Her words this night: The poetry of Laura Grace Weldon

By Laura Grace Weldon

 

Skiff at the Shore

If only you could prepare a handy satchel.
Tuck in the rocking chair’s creak.
Scent of growing things. Windy autumn afternoons.
Smooth satisfaction of rolling out pie crust.
Your children’s faces, such beloved faces!
And hugs, blessed hugs, even if you have to remove
all the books you packed to fit every hug inside.

At night, wakeful, you ask yourself if pale yellow stars
sparking inside your eyes are a dream
or your brain’s essence blinking out.
You haven’t packed, can’t seem to find a bag.
Have no map.

When are they coming back,
your three-year-old granddaughter asks
about cows no longer in the barn,
about the cat buried by the fencepost,
about withered plants crumbling back to dirt.

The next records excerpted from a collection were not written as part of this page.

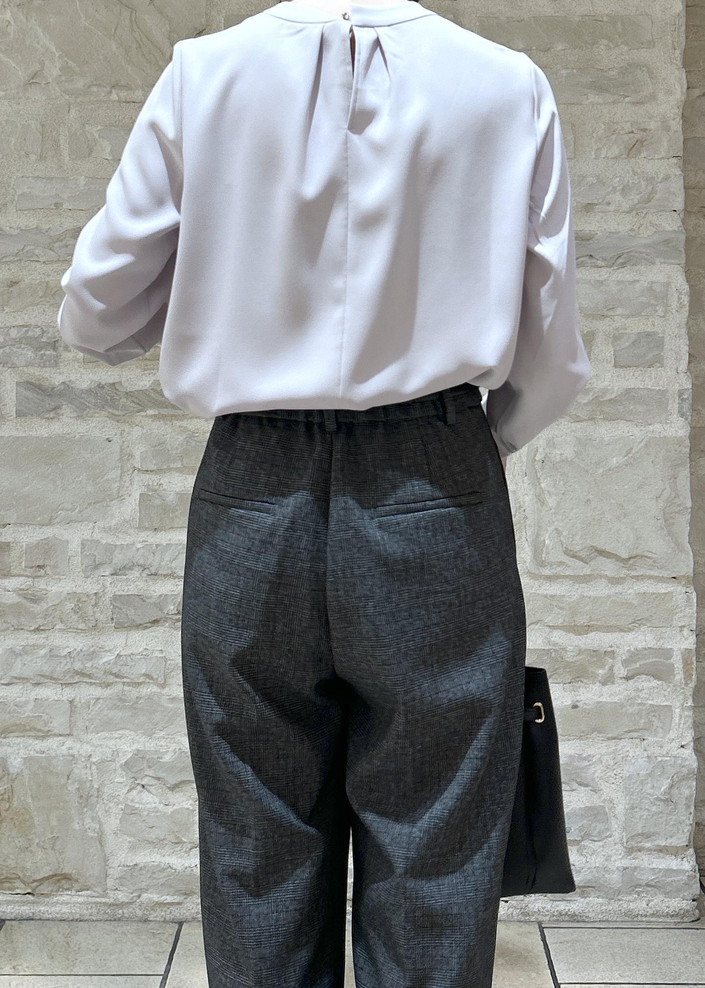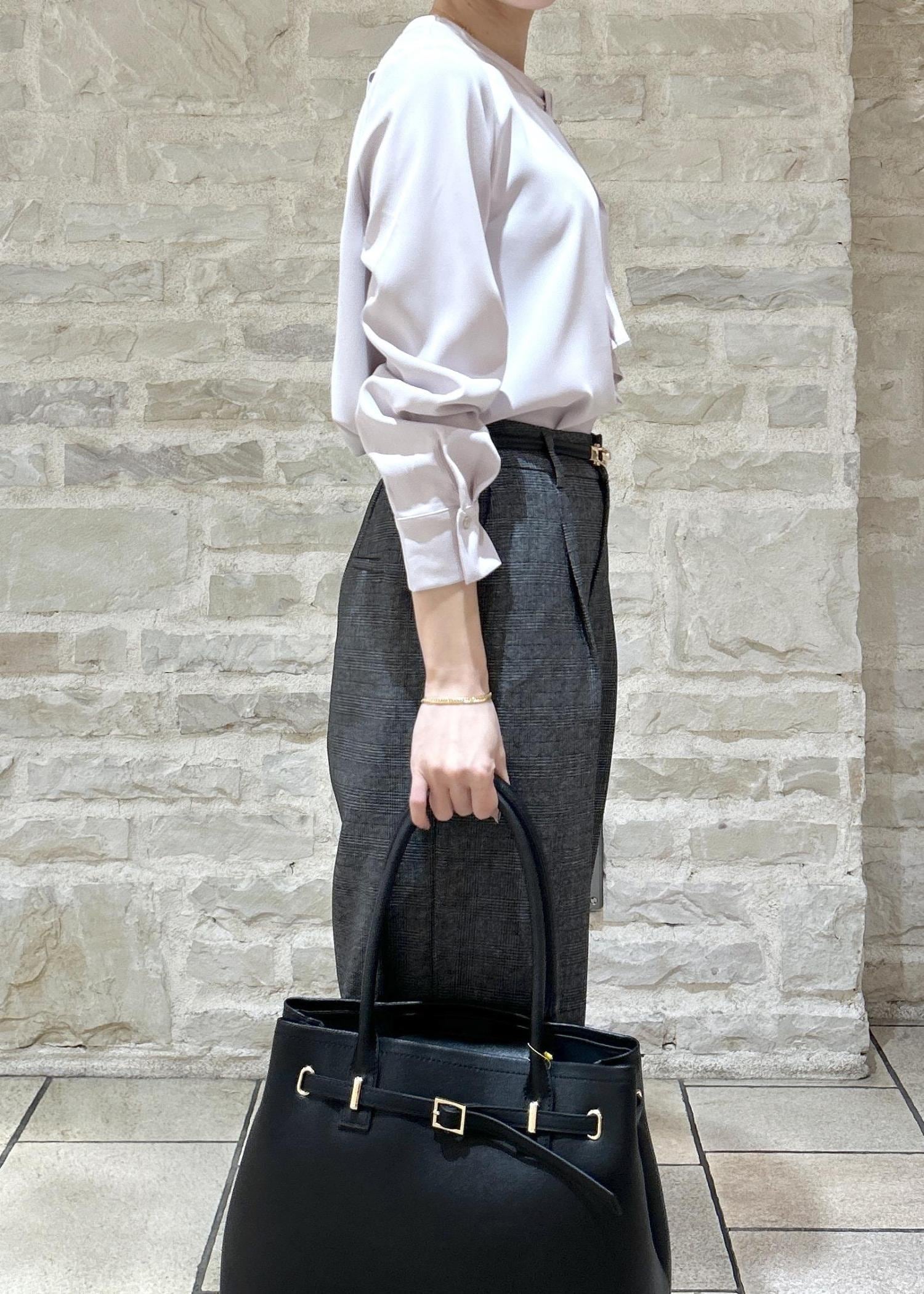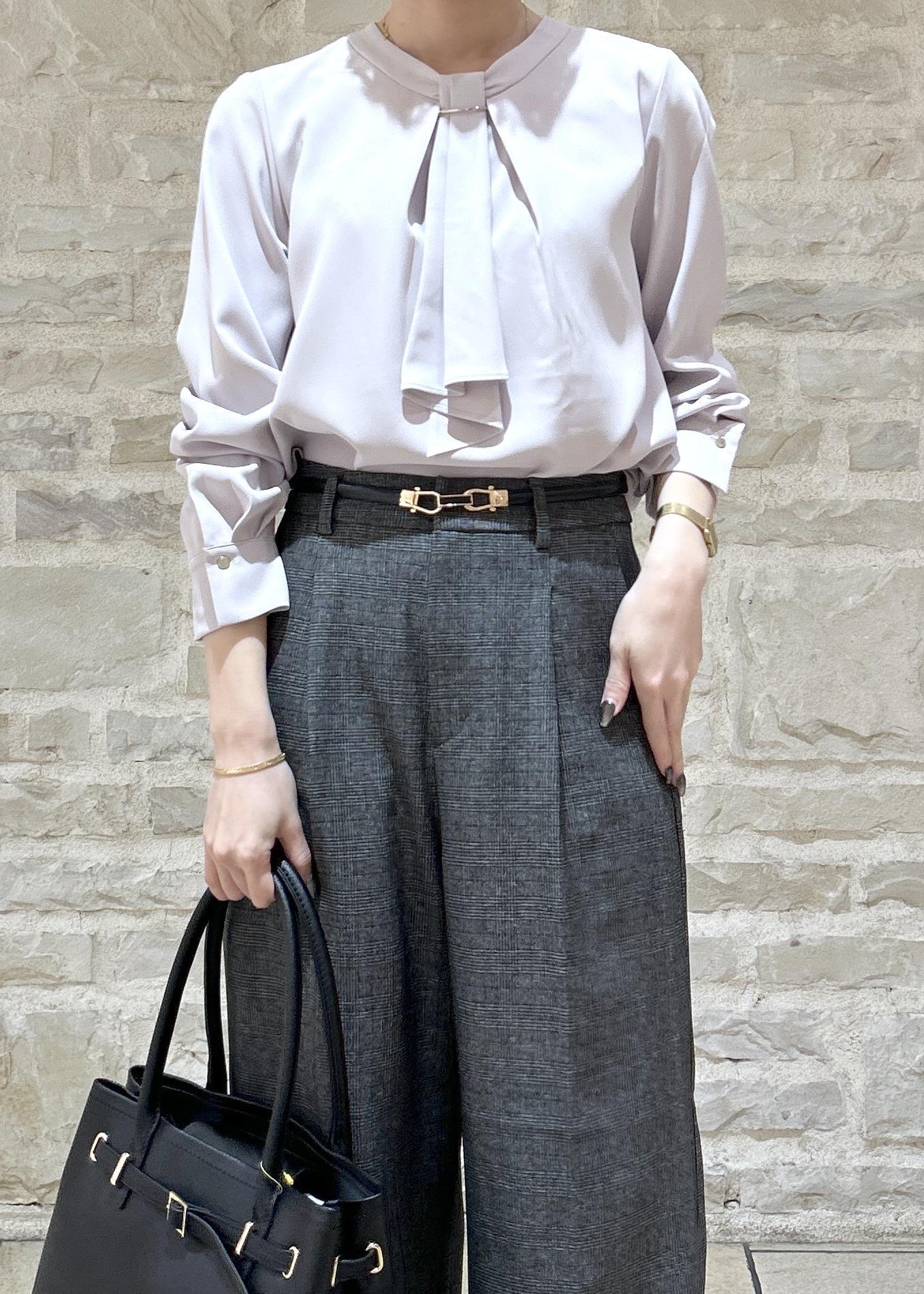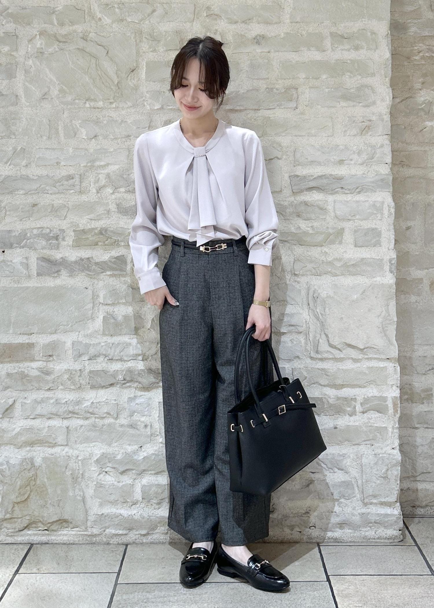 ピンクのかわいらしいブラウスにチェック柄のパンツで秋らしい通勤スタイルにしました。
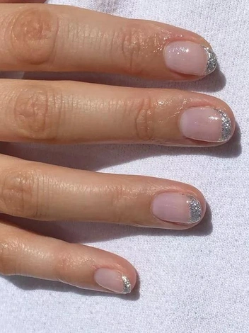 Глиттер и стразы. Если хотите добавить маникюру еще больше новогоднего сияния, можно использовать блестки или стразы на серебряных кончиках.
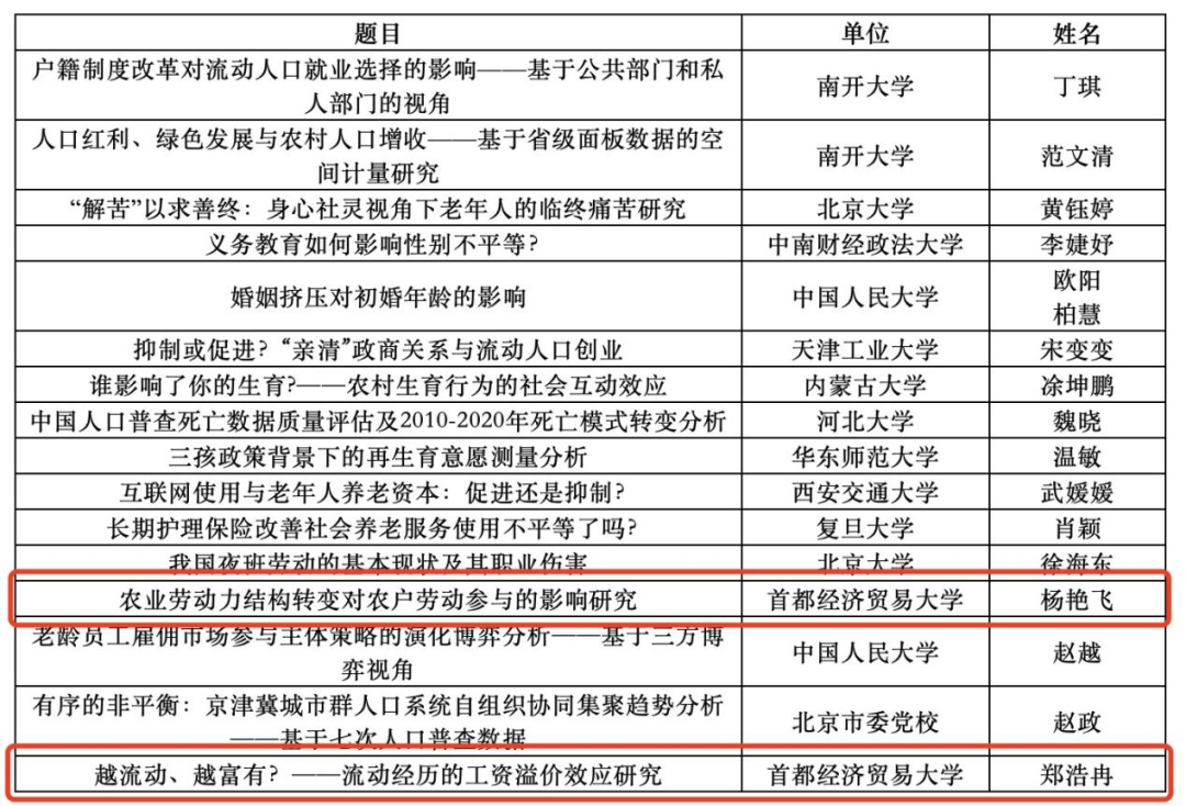 6月17日,第十五届全国人口与发展研究生论坛在逼喱逼喱 召开。本届论坛由中国人口学会青年人口学者专业委员会、逼喱逼喱 人口经济研究所联合举办,逼喱逼喱 承办。我院8名研究生参会,并在大会和分论坛发言。经过专家组评审,6篇论文获得由中国人口学会颁发的优秀论文奖,其中,万琳琳获一等奖;杨艳飞、郑浩冉获二等奖;李玉茹、刘志丽、张馨予获三等奖。他们的指导老师是童玉芬、茅倬彦、盛亦男、张杉杉、曾雪婷等。

They tell you a skiff waits at your shore.
Ninety or more years from now
she’ll board it herself,
and arrive to find the table set,
Sunday dinner ready, everyone back together.

 

 

Christopher’s Music

Your song ends
yet doesn’t.

All the way home I hear it
transposed in passing traffic
playing in wind-swept rain

I feel it in my throat,
an unspoken blessing.

As I stand in the dark before going in
a neighbor calls her dog.
Her words this night
are your lyrics too.

Music that’s alive
creates beyond itself.
Long after the last note’s silence
it goes on, making
art out of what seems ordinary.
It lets everything sing.


Laura Grace Weldon is the author of a poetry collection titled Tending and a handbook of alternative education, Free Range Learning, with a book of essays due out soon. She’s written collaborative poetry with nursing home residents, used poetry to teach conflict resolution, and taken poetry into other unexpected settings although her work appears in more conventional places such as J Journal, Penman Review, Literary Mama, Christian Science Monitor, Dressing Room Poetry Journal, Pudding House, Shot Glass Journal, and others. Connect with her at lauragraceweldon.com

One comment

  1. Laura Grace Weldon’s poetry resonates with hope and healing. When I was in what I believed was my deathbed, my son sang for me and, as in “Christopher’s Music,” the following days I heard his music “transposed in” each succeeding moment, letting everything sing, until at last I found myself again alive and out and about the business of life, which has its own melody.